Could you restate word for word only the lines below from the one holding "Naše úložné priestory" to the one holding "Chaqueta acolchada confeccionada", inclusive, and leave out the pictures?

> Record set
────
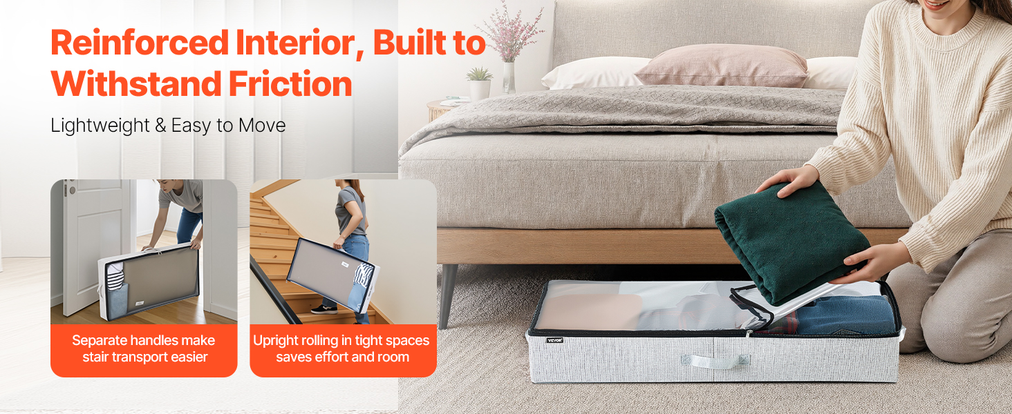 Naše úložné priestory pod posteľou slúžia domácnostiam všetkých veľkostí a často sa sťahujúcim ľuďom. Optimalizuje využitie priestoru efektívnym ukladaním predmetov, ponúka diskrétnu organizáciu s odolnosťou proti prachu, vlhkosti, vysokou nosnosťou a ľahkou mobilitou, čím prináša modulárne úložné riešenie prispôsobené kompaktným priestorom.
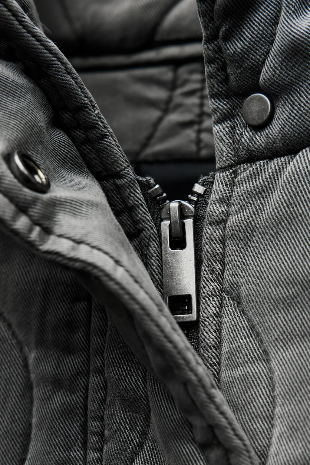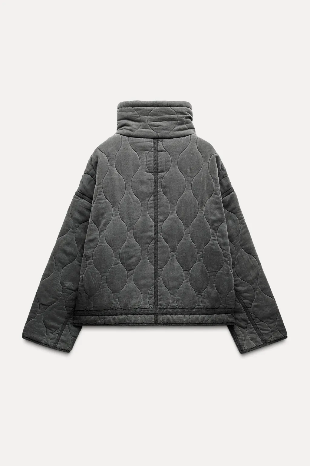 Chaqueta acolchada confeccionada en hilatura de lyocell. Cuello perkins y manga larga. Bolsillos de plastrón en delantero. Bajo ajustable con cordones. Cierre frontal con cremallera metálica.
────
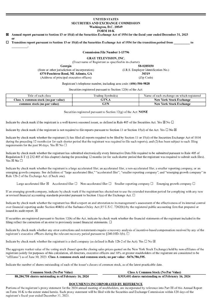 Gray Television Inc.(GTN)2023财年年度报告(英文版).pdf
────
> Your response
 Naše úložné priestory pod posteľou slúžia domácnostiam všetkých veľkostí a často sa sťahujúcim ľuďom. Optimalizuje využitie priestoru efektívnym ukladaním predmetov, ponúka diskrétnu organizáciu s odolnosťou proti prachu, vlhkosti, vysokou nosnosťou a ľahkou mobilitou, čím prináša modulárne úložné riešenie prispôsobené kompaktným priestorom.
 Chaqueta acolchada confeccionada en hilatura de lyocell. Cuello perkins y manga larga. Bolsillos de plastrón en delantero. Bajo ajustable con cordones. Cierre frontal con cremallera metálica.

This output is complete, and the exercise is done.